For this purpose, our future work will focus on establishing a working envelope that will set boundaries on the plan parameters that DeepDose can accurately handle. Thus, a precise range of segment types will be assessed as acceptable, based on their shape, equivalent square area and other structural features. In that way, the creation of a safe environment for the introduction of DeepDose in a clinical setting will be facilitated and we will be able to move forward towards an application targeting whole body dose calculations.
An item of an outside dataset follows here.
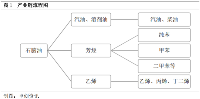 从下图来看,三苯直接原料是石脑油,作为芳烃行业龙头,其在产业链中偏上端,因此与原油关联性不言而喻。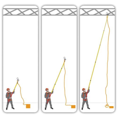 Dans le secteur des télécoms, cette perche permet d'accrocher un lasso au sommet du poteau. Le technicien peut ensuite appliquer une tension pour tester la solidité du poteau et s'assurer qu'il est accessible en toute sécurité.

In the near future we aim to demonstrate further progress in clinical research by introducing DeepDose into the MR-linac treatment workflow. An initial goal would be to take advantage of its reduced inference time and include it in the treatment pipeline of abdominal tumours as a fast secondary dose check. The primary goal of a secondary dose engine is to assess the quality of the generated plans prior to treatment. DeepDose is expected to surpass the accuracy of the current secondary dose check software for the clinical 3%/3 mm criterion and therefore we are confident that it will enhance the current plan evaluation procedure. Furthermore, no external software is needed in order to run a whole plan inference, thus indicating that our approach could serve as a standalone dose application.
On the long term, the ability of our method to accurately predict a variety of patient plans in the range of a few seconds makes it a promising candidate for a clinical dose engine used in the online plan optimization itself. Therefore, after establishing its performance on various anatomies, for instance lung and brain tumours, we aim to gradually move towards exploring DeepDose as the primary dose calculation engine for a variety of tumours in MRI-guided radiation therapy.
5. Conclusion
We presented a robust DL-based framework for dose calculations of abdominal tumours in IMRT. The network was trained per segment with MR-linac data from three different abdominal tumour sites using random beam angle configuration. The trained network was then able to generate 3D dose predictions for whole patient plans. This approach will increase the efficiency of dose checks in the online workflow by initially serving as a secondary dose engine for MRIgRT of the abdominal area in our clinic. Subsequently, we aim to introduce DeepDose as the primary DL-based dose engine for online plan optimization.
Acknowledgments
The authors would like to thank Elekta AB, Stockholm, Sweden for providing some of their research software tools. This research is partly funded via the ZonMW project (104006004) in the IMDI programme.